Убегалась я с ними, жарко стало. Тут и вечер спустился. В декабре рано вечереет. Главный, тот что спрашивал меня — за людей я или за царей, ужинать пригласил. Отказаться язык не повернулся. Голодная была, с утра во рту ни крошки.

Ночевали все в одной большой комнате, прямо на полу устроились. Кто спал, кто не спал. Ночные патрули входили и выходили. Дружинники переговаривались. Я закрыла глаза, а сама не сплю, слушаю. Один про свою Марину все вспоминал: ушел на фабрику — и как в воду провалился. Третьи сутки из дому… Другой о солдатах спрашивал: выступят или не выступят? С нами или против нас? Слышал, брожение у солдат, офицеры их обезоружили, как ненадежных, заперли в казармах… Третий размечтался: кабы оружие нам, не отсиживались бы за баррикадами…
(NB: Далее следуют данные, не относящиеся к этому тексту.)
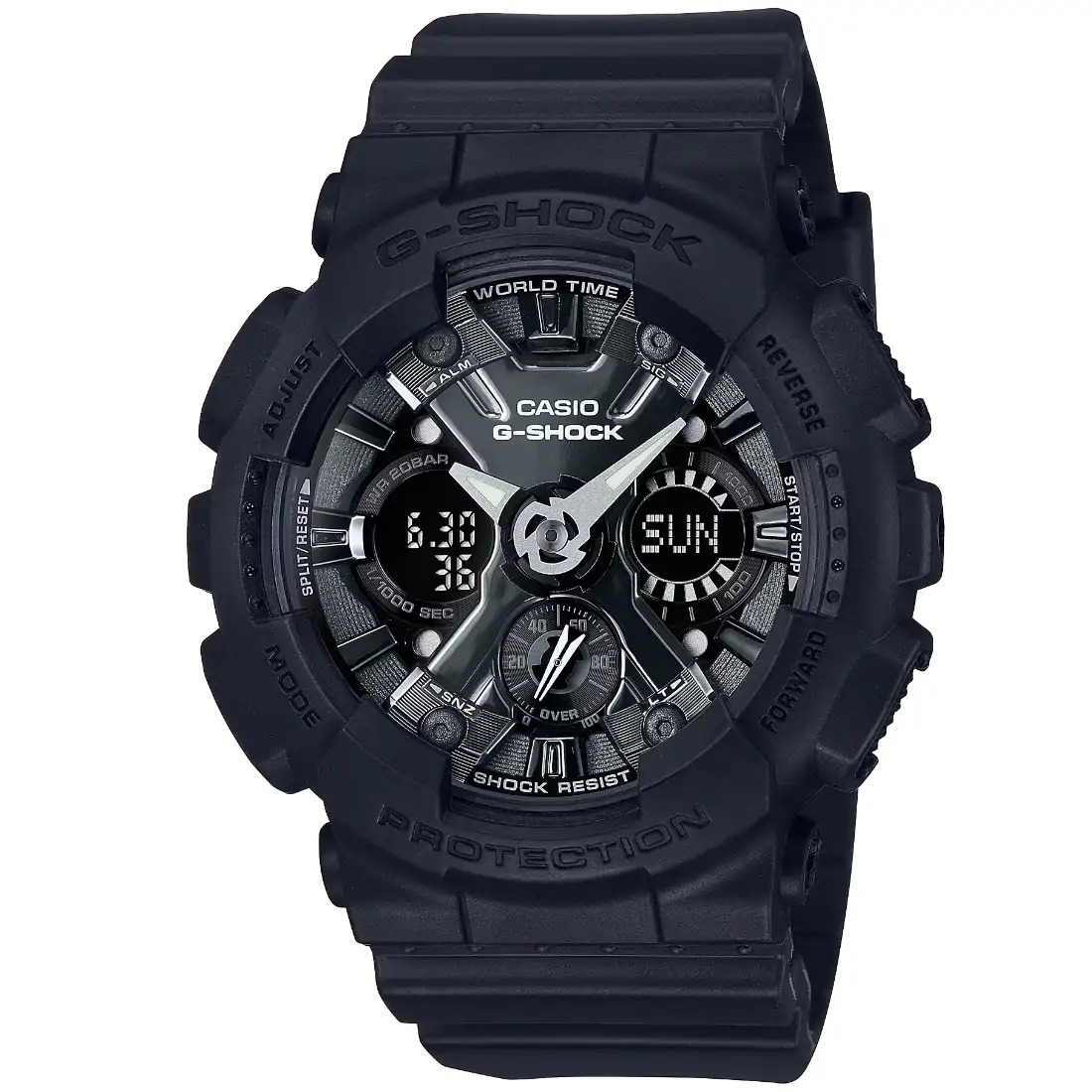 Hora mundial para 29 zonas horarias Cronómetro Temporizador con cuenta regresiva 5 alarmas diarias (1 alarma con función de despertador) Señal de hora Luz LED Encendido automático de luz Calendario automático completo (hasta el año 2099) Función de silencio Precisión: ±15 segundos por mes Formato de 12 y 24 horas Funciones clásicas de reloj: Analógica: 2 manecillas (hora, minuto [la manecilla se mueve cada 20 segundos]), 1 dial (velocidad) Digital: horas, minutos, segundos, p. m., mes, fecha, día

Миновала ночь. Утром на фабрику Шмита подалась. Разыскала Николаева.

— Откуда сама? — спрашивает Михаил Степанович.

— С Марьинских фельдшерских курсов.

— Хорошо, — говорит, — вовремя. Где драка, там и кровь. Идем на Малую Грузинскую брать участок. Не боишься?

— Не знаю.

— Привыкнешь! Пошли, ребята!

С ним человек пятнадцать. Маузеры, винчестеры под пальто спрятаны. Михаил Степанович — начальник шмитовской дружины, лихой командир, из-под шапки кольцами волосы выбиваются, тонкие усы кверху закручены.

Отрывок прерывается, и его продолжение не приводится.